We now offer an alternative explanation for the supernova.

There is no question about the facts – definitely heavy elements are ejected from the supernova. On the face of it, this seems to kill our solid cold core theory which does not allow the fusion process.

Let us consider our stellar model yet again – below the very hot, dense, high pressure gases the surface of the SE is immensely pressurised liquid. It is under pressure from the cold iro magnetic core below, and the gases above, under normal circumstances.

When the supernova happens, unlike the nova, all the gases blow out into outer space, in their entirety. This happens due to the deuterium fission process. This time the impact is far more powerful and all-pervasive, as the deuterium has become critical in all the gaseous layers. What is described as the “gravitational potential energy” is indeed a potential energy of a kind – it is the potential energy of the deuterium nucleus becoming kinetic energy due to the electronic band splitting, and releasing the two protons to go very fast by mutual repulsion. The “velocity addition” effect I had discovered back in 1999, which describes the great power behind any explosion from tight packing causing fast and many outward particle collisions, has a multiplicative effect upon the energy produced from the abovementioned internal force producing process.

The consequence for that sudden sharp, blow-out of the gases from the star is a very sharp drop in pressure upon the surface of the SE.

The heavier-than-hydrogen liquid matter on the SE surface, along with the heavier gases nearer the surface, will blow out into outer space as a consequence of this drop in pressure. There could be fusion processes going on when all this matter, bursting out, meets with the very hot ions and atoms. However, this fusion will only soak up the energy, not create any energy. The energy is from deuterium fission with its after-effects relating to “velocity addition”, adding to the release of the gravitational energy upon the pressurised liquid masses below the gaseous layers; the strong magnetic field will also impact upon the ions, giving them increased kinetic energy.

Only the comparatively small iron core, that is solid, will remain of the star that has gone supernova. Apart from that iron, all the matter that was in the star will be blown out into outer space.
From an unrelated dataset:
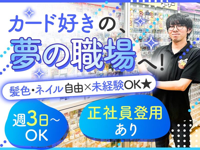 職種/仕事内容 | 仕事内容 岐阜羽島駅・新羽島駅徒歩5分★ トレーディングカードショップで接客・販売スタッフ募集! ■+高時給1200円~/未経験歓迎/週3日~・1日4h~/正社員登用あり/髪型自由・ネイルOK+■ ――――――――――――――――――..* \\ CHECK POINT // ★未経験OK!正社員デビューも目指せる ★週3日~・1日4h~無理なく働ける ★フリーター活躍中!副業・WワークもOK ★オシャレ自由♪髪型・髪色自由&ネイル・ピアスOK ★マイカー通勤OK!ストレスフリーで通勤できる 清潔感のある店舗&ドリンクバーも完備で 気持ちよく快適に働けます◎ 人柄重視の採用を実施しています! *..*..* 【業務内容】 『カードショップ海賊船-Starch-』にて 接客・販売などの店舗業務をお任せします。 >>具体的には ―――――――― ■カードショップでの接客・販売 ■レジ対応、商品陳列、在庫管理、店舗清掃 ■SNS更新・イベント運営(得意な方歓迎) 異業種からの転職者や未経験スタートのスタッフも多数活躍中! 業務の手順やコツは丁寧にレクチャーするので、 「カードが好き」その気持ちだけあれば未経験OK♪ >>どんなお店? ――――――――― いつもご利用いただくお客様からも 「清潔感があって良い」 「フリードリンクも充実しているから、過ごしやすい」 など、嬉しい声が届いています♪ ぜひ一度お店を見に来てください! >>正社員登用制度あり ―――――――――――― 高時給でモチベーション高く働けるのに加え、 好きなことで正社員になりたい方を応援中! 今年はすでに4名が正社員へとステップUPしており、 未経験入社の方もたくさん活躍しています。 「接客が楽しい」「カードに興味がある」 そんな理由での応募も大歓迎! あなたらしく成長していける環境です◎ *..*..* >>『マルチプル』とは? ――――――――――― 福岡県・山口県・東京都・岐阜県で カードショップの店舗を展開しています。 おかげさまで、年商1億円を突破!! 業績好調につきスタッフを増員募集します。 清潔&キレイなお店で働きたい方や 待遇が良い・やりがいのある環境で働きたい方も大歓迎◎ 右肩上がりの成長企業で、正社員を目指しませんか? |
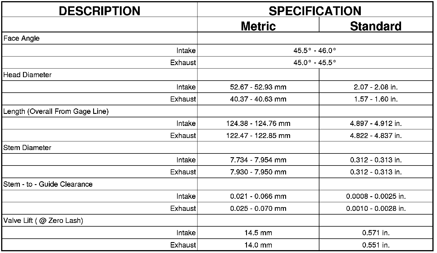 Engine Specifications

The above is the alternative explanation for the supernova. We will now try to find out what could be the size of the iron core that is left, and supposed to be a neutron star or black hole. Going to the top of this article, we find that it has a very powerful magnetic field of a trillion gauss. This is remarkable if indeed it is a neutron star which has no charge to create the current for the magnetic field. Of course there are no bets as what to the theoretical black hole may be all about in the field of reality.
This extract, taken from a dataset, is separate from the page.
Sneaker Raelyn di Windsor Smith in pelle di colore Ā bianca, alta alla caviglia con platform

We now try to explain the powerful magnetic field of the stellar core remains of the supernova; we will check if it could be an iron ball at very low temperatures, sustaining superconducting currents to cause the magnetic field, the way it always did before the supernova. We know from the magnetic field strengths near the sunspots on our Sun, that a magnetic field strength of more than 9000 Gauss could set off a solar flare. From this it is plausible to note that the magnetic field strength of the star that went supernova, could be around 9000 Gauss all over. The magnetic field strength of the core is one trillion Gauss. How can that be? The answer is simple – when the star loses all its matter as a result of the supernova then the distances involved get reduced correspondingly. Assuming that there was no change at all in the iron core of the star, meaning its magnetism did not change, let us see what could be the size of the iron core. As this star is very large, say about ten times the size of our sun, its radius would be seven million kilometres. The magnetic field strength is inversely proportional to the square of the distance from the generating currents. Going by this inverse square law, the most fundamental in electromagnetism, the cold iron core radius has to be related by the inverse square law basis to the star radius. One trillion Gauss divided by 9,000 Gauss is about hundred and eleven million; the square root of this hundred and eleven million, or 10,535, is the ratio of the unexploded star radius to the core radius. This makes the core radius at seven million divided by 10,535 or about 664 kilometers.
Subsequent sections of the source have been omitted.